Optimising the observation of optical kilonovae with medium size telescopes

TL;DR

This paper develops an optimized observing strategy for medium-sized telescopes to effectively distinguish kilonova models and viewing angles, recommending specific filters and observation cadences based on simulated light curves.

Contribution

It introduces a method using synthetic light curves to determine optimal observation sequences for kilonova follow-up with 2-meter telescopes.

Findings

Avoid using the u filter and colour curves for better results.

2-hour observation sequences are effective when distance error is ≤ 2%.

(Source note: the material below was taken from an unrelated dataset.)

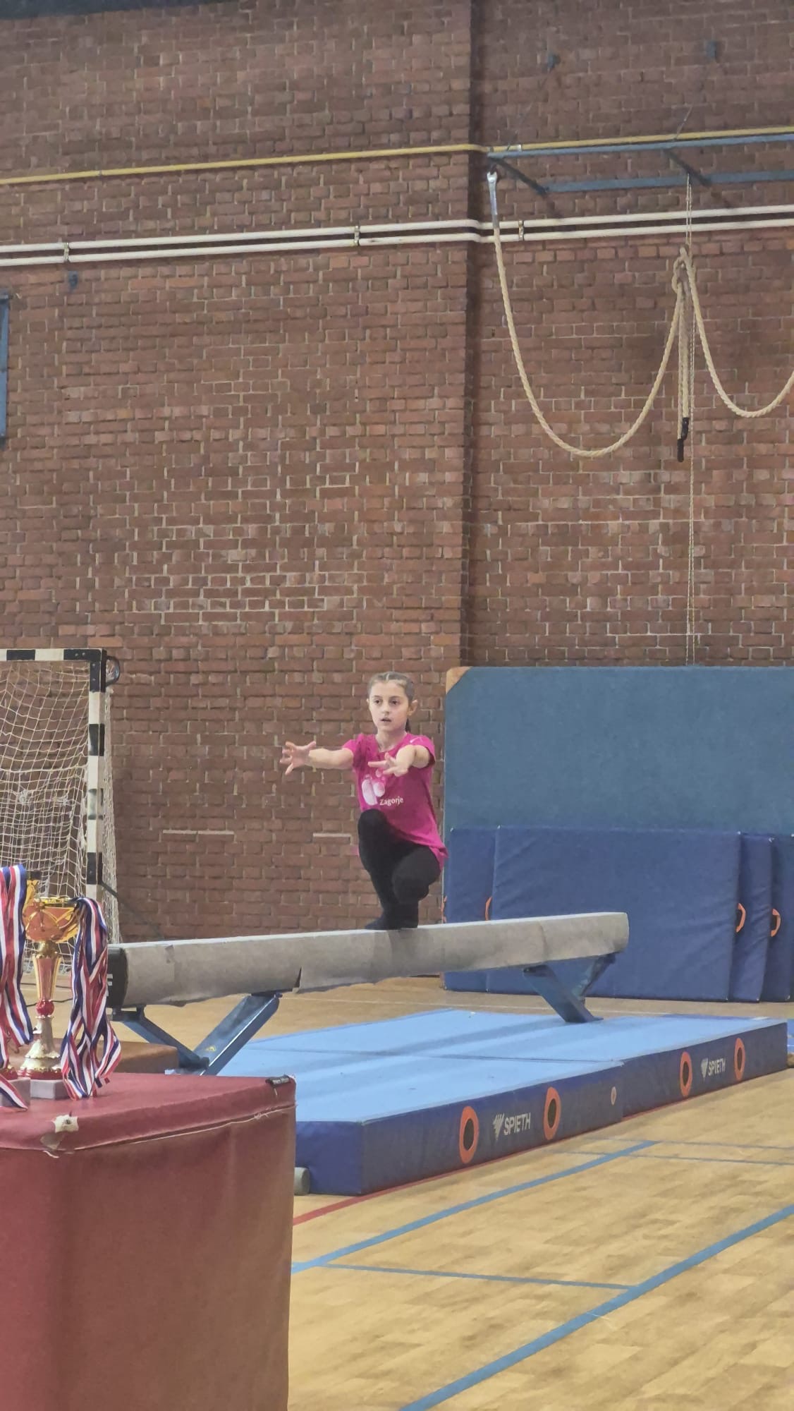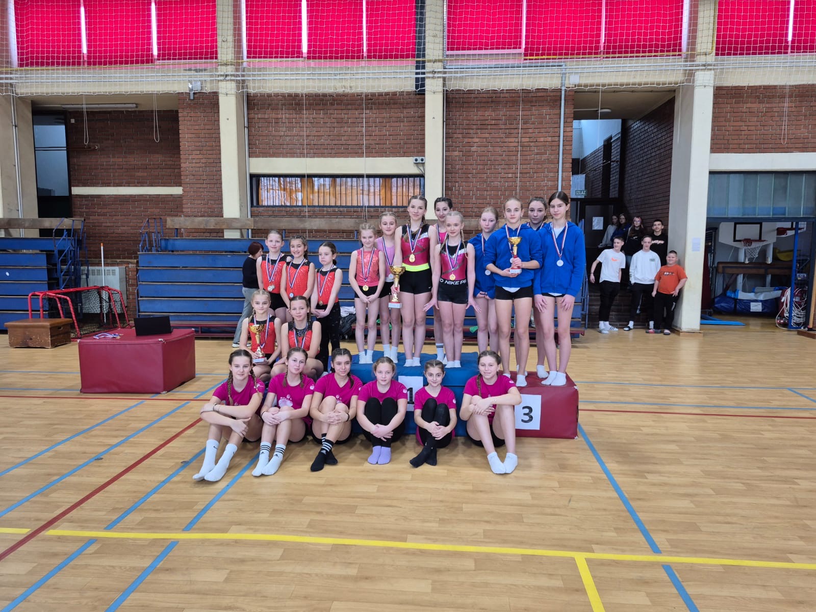 Naše su djevojke bile u grupi s OŠ Antuna Mihanovića iz Klanjca te su se prvo predstavljale na parteru, odnosno na tlu. Nakon toga pokazale su svoje vještine na gredi. Kad su odradile vježbu na gredi, prebacile su se do preskoka na kojemu su imale najbolje rezultate. Zadnja sprava na kojoj su se pokazale bile su ruče koje su uz puno truda i s ostatkom snage solidno odradile. Poslije kratke pauze za zbrajanje bodova došao je trenutak proglašenja. Uz napetost u zraku naše su djevojčice bile na 4.mjestu , ali kako bi rekao učitelj tjelesne i zdravstvene kulture: ,,Bitno da smo uspjeli napraviti vježbe bez problema.''

0.5-hour sequences are preferable when the source distance is unknown.

Abstract

We consider the optimisation of the observing strategy (cadence, exposure time and filter choice) using medium size (2-m class) optical telescopes in the follow-up of kilonovae localised with arcminute accuracy to be able to distinguish among various kilonova models and viewing angles. To develop an efficient observation plan, we made use of the synthetic light curves obtained with the Monte Carlo radiative transfer code POSSIS for different kilonova models and as a function of different viewing angles and distances. By adding the appropriate photon counting noise to the synthetic light curves, we analysed four alternative sequences having the same total time exposure of 8 hours, with different time windows (0.5, 1, 2, 4 h), each with $i$, $r$, and $u$ filters, to determine the observing sequence that maximises the chance of a correct identification of the model parameters. We suggest to avoid $u$ filter and to avoid the use of colour curves. We also found that, if the error on distance is $\le$ 2%, 0.5, 1, 2-hour time window sequences are equivalent, so we suggest to use 2-hour one, because it has 1 day cadence, so it can be easily realised. When the distance of the source is unknown, 0.5 h time window sequence is preferable.